Give back the whole listing verbatim, printing none of its pictures.

** DATASET EXTRACT follows **

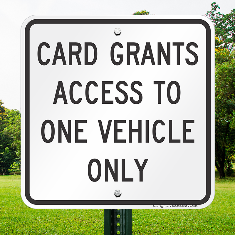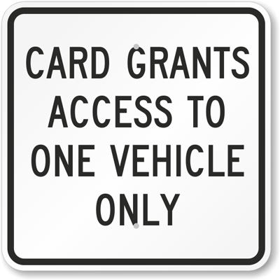 Vehicle Only Sign: Card Grants Access To One Vehicle Only K-5825 Learn More...
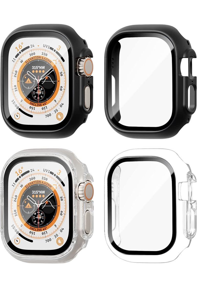 - 2枚Apple Watch Ultra 用 ケース 49mm アップルウォッチウルトラ カバー 保護カバー 一体型 全面保護 9H硬度 ガラスフィルム 黒とクリア
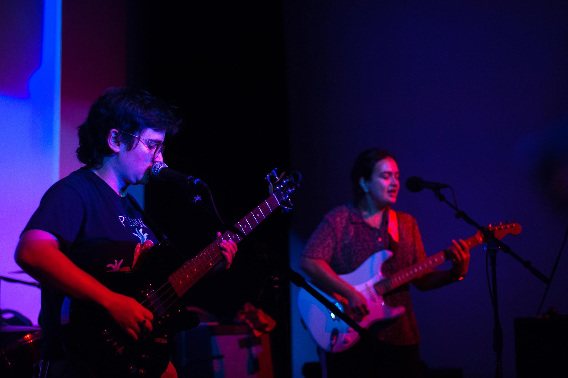 With the room slowly filling up more, it was time for the return of Remember Sports. Longtime bandmates Carmen Perry (guitar), Catherine Dwyer (bass), Jack Washburn (guitar), were joined by recent addition Connor Perry (drums), comprising the “new” Remember Sports. Their “new” record Like A Stone, released in early 2021, shows that they are not finished yet. Between the heat sweat being mopped up by a promotional Sixers towel and various glances and “I’m ready” remarks towards each other, PhilaMOCA got a wonderful show.

** End of DATASET EXTRACT **

**RESULT BELOW:**
 Vehicle Only Sign: Card Grants Access To One Vehicle Only K-5825 Learn More...
 - 2枚Apple Watch Ultra 用 ケース 49mm アップルウォッチウルトラ カバー 保護カバー 一体型 全面保護 9H硬度 ガラスフィルム 黒とクリア
 With the room slowly filling up more, it was time for the return of Remember Sports. Longtime bandmates Carmen Perry (guitar), Catherine Dwyer (bass), Jack Washburn (guitar), were joined by recent addition Connor Perry (drums), comprising the “new” Remember Sports. Their “new” record Like A Stone, released in early 2021, shows that they are not finished yet. Between the heat sweat being mopped up by a promotional Sixers towel and various glances and “I’m ready” remarks towards each other, PhilaMOCA got a wonderful show.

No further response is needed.